The rule for creating fronts is to link threats thematically (by scarcity), not necessarily in the setting (like 'inside the holding'). This is so you can have different threats in the same setting ('in the holding') hitting different themes. If the two threats are thematically-related (the Cloverfield monster and its flea monsters probably are) then they go on the same front. If they aren't thematically related (the ambitious mob boss and his hungry gang member) then they go on different fronts. The hungry gang member is on a front with a bunch of other threats that express hunger (the crew that works the primitive greenhouse, the cannibals, that rival holding out on the flats with nothing to their name, whatever).
When you make your mobster threat and create a front around him, some thematically-linked threats will come to mind that are also linked to this mobster (his lieutenant who wants to take over, or that scrappy street kid who's dying to get noticed by the boss and become a made man). When that happens -- great! Add them to the front. If nothing comes to mind and you need to fill up that front with other threats, invent some threats that also express ambition, whether they tie directly to the mob boss or not -- the DA who is running for governor and is making a show by cracking down HARD on the ghetto where the PCs live, maybe? (I know that's a little weird for AW; I'm assuming a Goodfellas-type hack of AW with mobsters and stuff). In the end, you have a front that expresses ambition seven ways to Sunday.
Sometimes you'll have a threat and won't know exactly what front it goes on (that is, you won't know what theme it expresses right off the bat). That's fine too. Throw it on the Home Front until you figure it out.

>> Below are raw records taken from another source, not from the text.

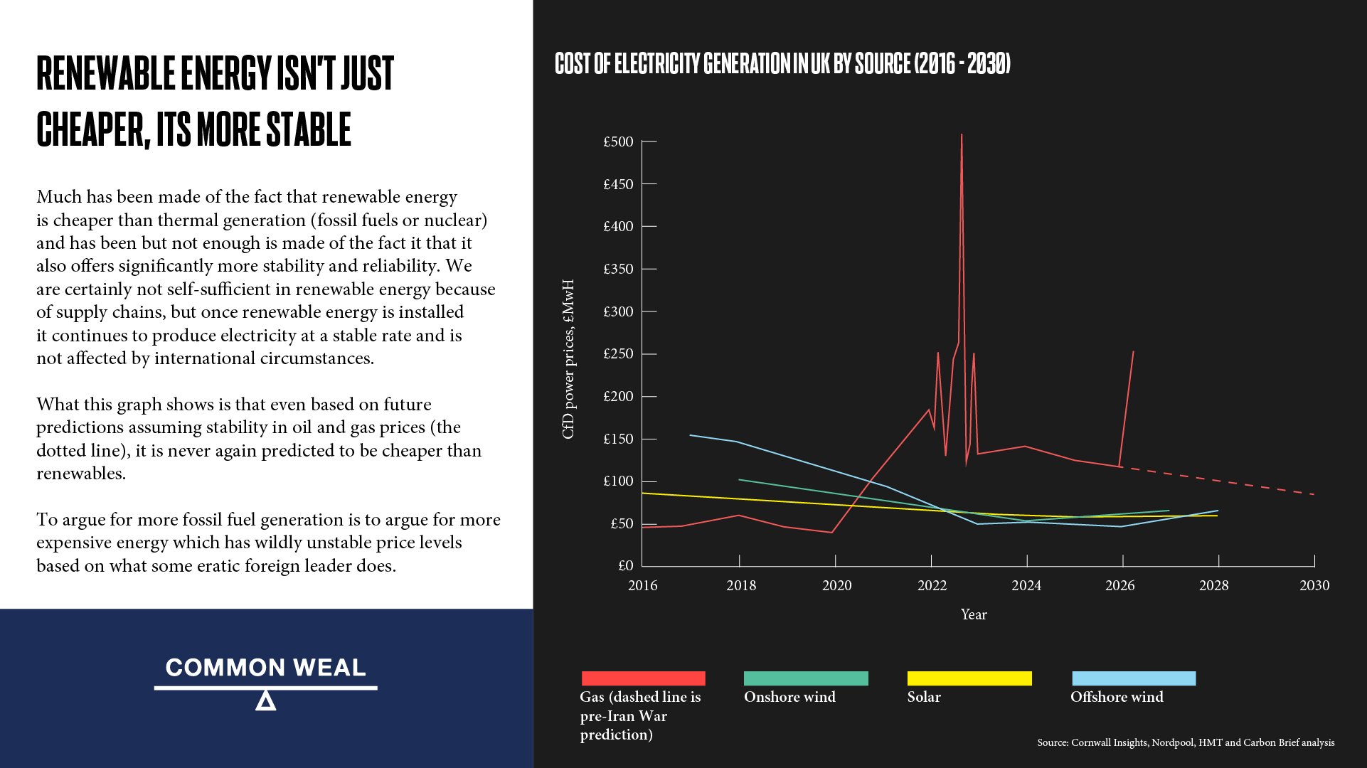 Line graph showing the cost and volatility of different sources of energy
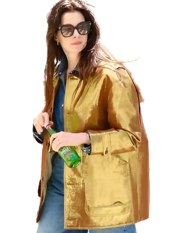 If you have been keeping up with celebrity fashion, you already know that Anne Hathaway is the queen of street style right now. Her latest look in New York City features a stunning gold metallic barn jacket that has everyone talking. It is the perfect mix of a classic “country” work coat and high-fashion glam. At TV Jackets, we have created a high-quality version of this viral coat so you can get that A-list look without the designer price tag.
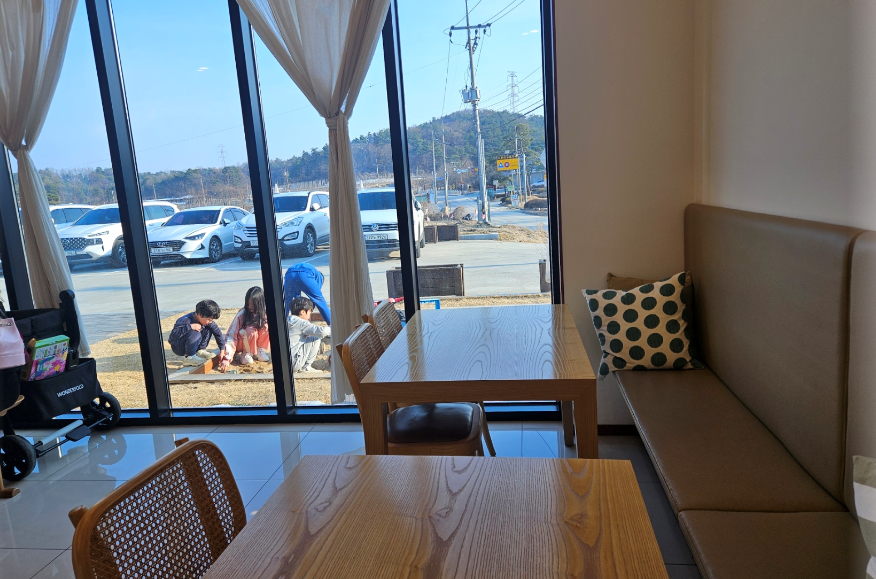 카페 바로 앞에 모래놀이터가 있어서 우리 아이들 주차하자마자 바로 뛰어 들어갔어요. 모래놀이터에서 한참을 놀다가 들어와서 아주 오랜만에 커피 한잔 하면서 휴식을 취할 수 있었어요.
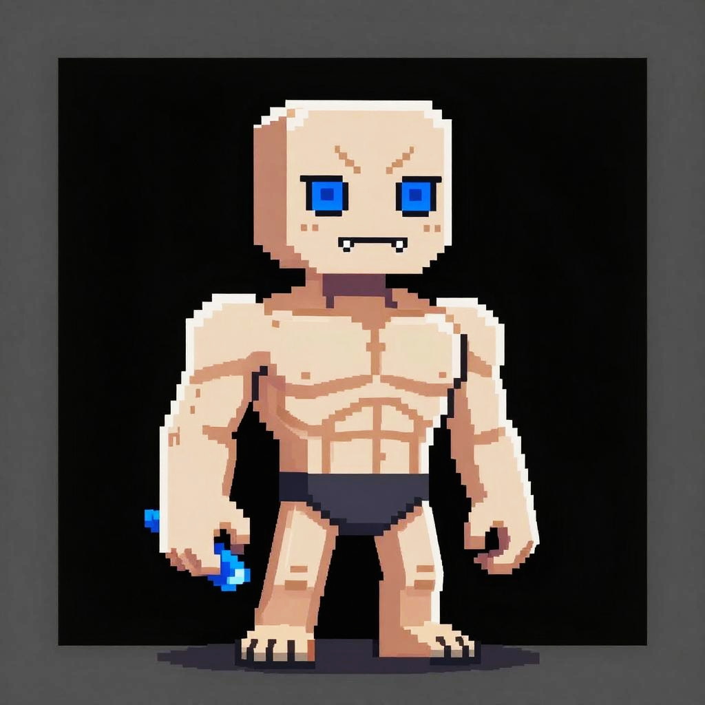 This is a digital drawing of a small, muscular, cartoonish alien with pale skin, bright blue eyes, and a square head with visible wrinkles. The alien has sharp teeth and is holding a blue object in its right hand while standing against a solid black background with gray borders. The style is pixel art, with bold, blocky colors and sharp lines.
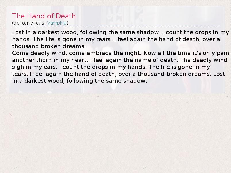 А как ты думаешь, о чем песня "The Hand of Death" ?
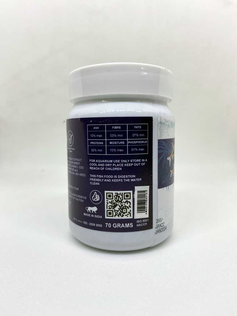 Fish Meal, Anchovies, Shrimp Meal, Yeast Extract, Wheat Extract, Soy Protein Isolate, Fish Oil, Whole Eggs, Vitamin E Supplement, Vitamin B12 Complex, Vitamin a, Coated and Stabilised Vitamin C, Cod Liver Oil, Vegetable Oil, Permitted Grade a Preservatives and Antioxidants, Asthaxanthin, Paprika, Lutein 10%, Spirulina, Sea Weed Extract, Garlic Extract, Moringa
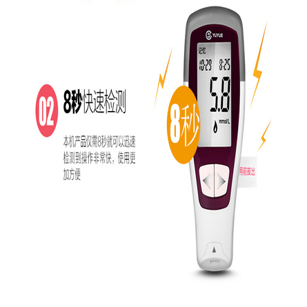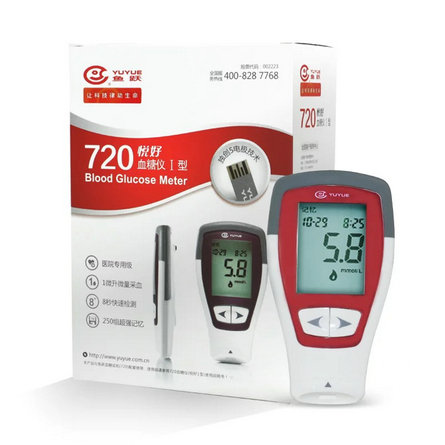 【品牌】 型号:鱼跃720悦好型 【度量单位】 tmmol/L 【检测时间】 8S 【记忆组数】 250组。 【显示屏】 LCD。 【生产企业】 企业名称:江苏鱼跃医用仪器
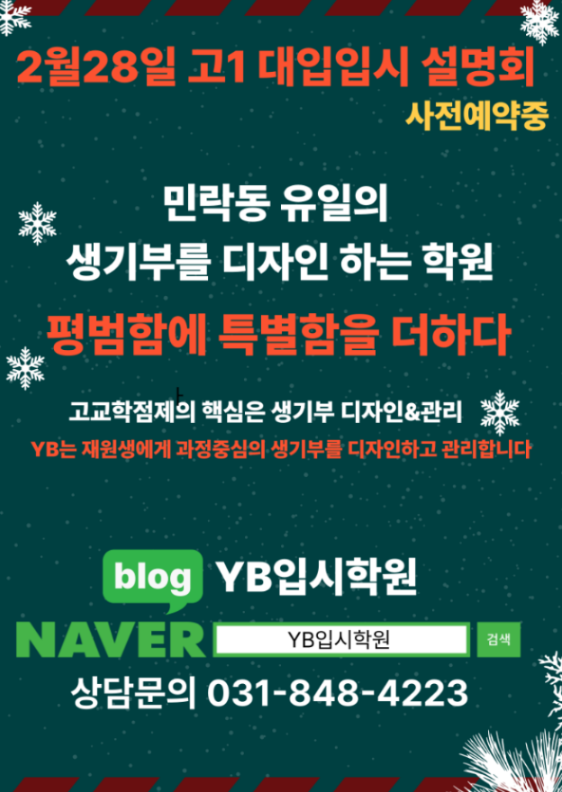 안녕하세요 YB학원입니다 고교학점제에서는 이전보다 생기부를 관리하는 것이 중요하다는 것은 이미 많은 분들이 알고 계십니다 어떻게 생기부를 작성해야 하나? 어떻게 생기부에 전공적합성을 드러나게 해야 하나? 어느학원이 이런 생기부를 디자인하고 관리하나? 내 생기부는 좋은 생기부인가? 등등 궁금하신 내용이 많죠??? 인터넷을 검색하더라도 너무 어렵고 어떻게 하라는 건지 뜬구름 잡는 소리인거 같고....... 이제 걱정하지 마세요 YB학원이 해결해드리겠습니다 구체적이고 친절하며 학생 개별개별 디테일한 생기부 상담을 진행해드립니다 먼저 전화를 주시고 입시 설명회에 참석만 하시면 어떤 부모님도 어떤 학생이더라도 저희가 해....... <img src="https://blogthumb.pstatic.net/MjAyNjAxMjJfNjgg/MDAxNzY5MDQ3MDUxOTUw.epg4u8xwBvBcb6aQmU2-xESrLFgd48aVv1kdY6cm72gg.gGWV3_aoUfmAzQzO__VR53DOBmdqFRrxZnVFg7vokCkg.PNG/image.png?type=s3" />
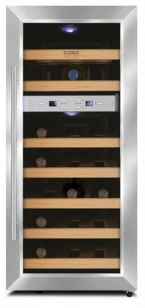 Семь съемных полок из дерева предназначены для правильного хранения вина: бутылки кладутся горизонтально (вместительность – 21 бутылка). Управление осуществляется при помощи двух сенсорных панелей внутри холодильника. Кнопка «C/F» - переключатель режима температуры с градусов Цельсия, на Фаренгейт. Регулировка температурных показателей с шагом в 1°C происходит нажатием « ∧ » и «∨». Управление внутренним освещением возможно при помощи кнопки «Свет». Красивая подсветка силуэтов бутылок синим цветом, обеспечивается за счет светодиодных панелей. Встроенные светодиоды не нагреваются, и внутренний микроклимат остается максимально благоприятным для хранения бутылок.
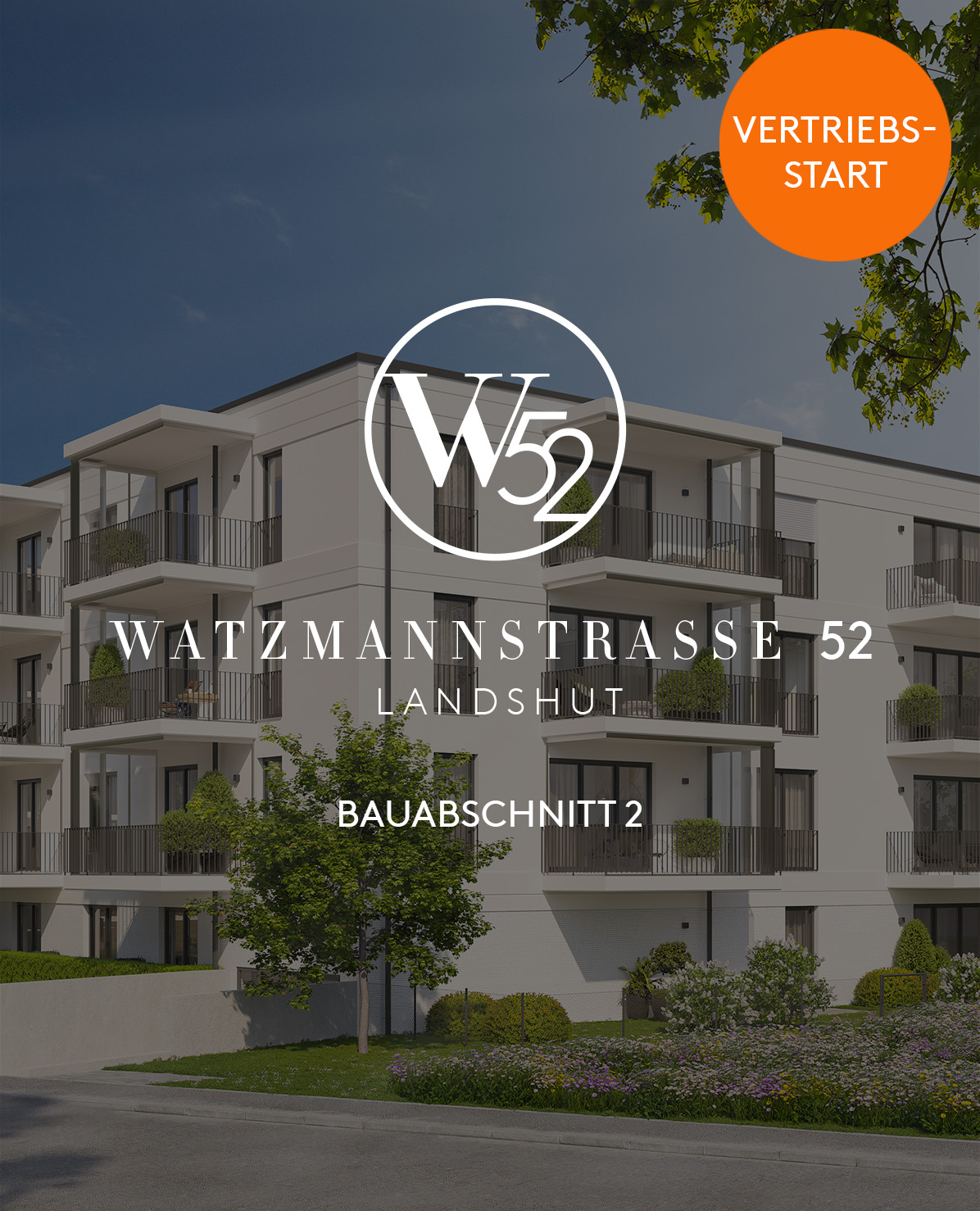 WATZMANN 52 – Wer hier wohnt, kann sich über erstklassige Lebensqualität freuen. Umgeben von Grün, bettet sich unser Neubauprojekt in die Nachbarschaft ein. Bedacht auf das Wohl der Bewohner und der Nachbarn, ist unser Anspruch, eine hohe Lebensqualität sicherzustellen. So entstehen auf einer Grundstückfläche von ca. 7.013 m² 119 Wohnungen, verteilt auf fünf Wohnhäuser mit einer Wohnfläche von insgesamt ca. 8.316 m², 140 Tiefgaragen- sowie 14 Außenstellplätze und eine Grünflächen von insgesamt 3000 m².

At the end of the day, you have all your threats organized by theme (as opposed to being organized by how they relate to each other in the fiction, or organized by where they live, or organized according to a million other schemas). This should hopefully make it easier to keep the themes your game is expressing firm in your mind, which in turn will hopefully make it easier to look for ways of expressing those themes. So every time that hungry gang member comes on stage, look for some way of letting his hunger (or someone else's, whatever) shine through by word or deed, for example. No one is going to go through your fronts and complain that you don't have the mob boss and his hungry gang member on the same worksheet. It's really there as a resource to help you, not to lock you into some rigid format, right?
Make sense?
-- Christopher
PS: I guess I should point out that in addition to theme (scarcity), the threats on a given front are also linked by the fact that they impinge on the PCs' lives. The ambitious DA in my silly example above needs to impinge on the PCs' lives (like, she needs to make waves where they live or something, not Back Home On The East Coast or whatever). I'm sure you knew that though, just clarifying.
EDIT -- re-reading what you wrote, I'm positive you already get most of what I wrote. Sorry for mansplaining it to you. I'll just leave it here in case someone else finds it helpful.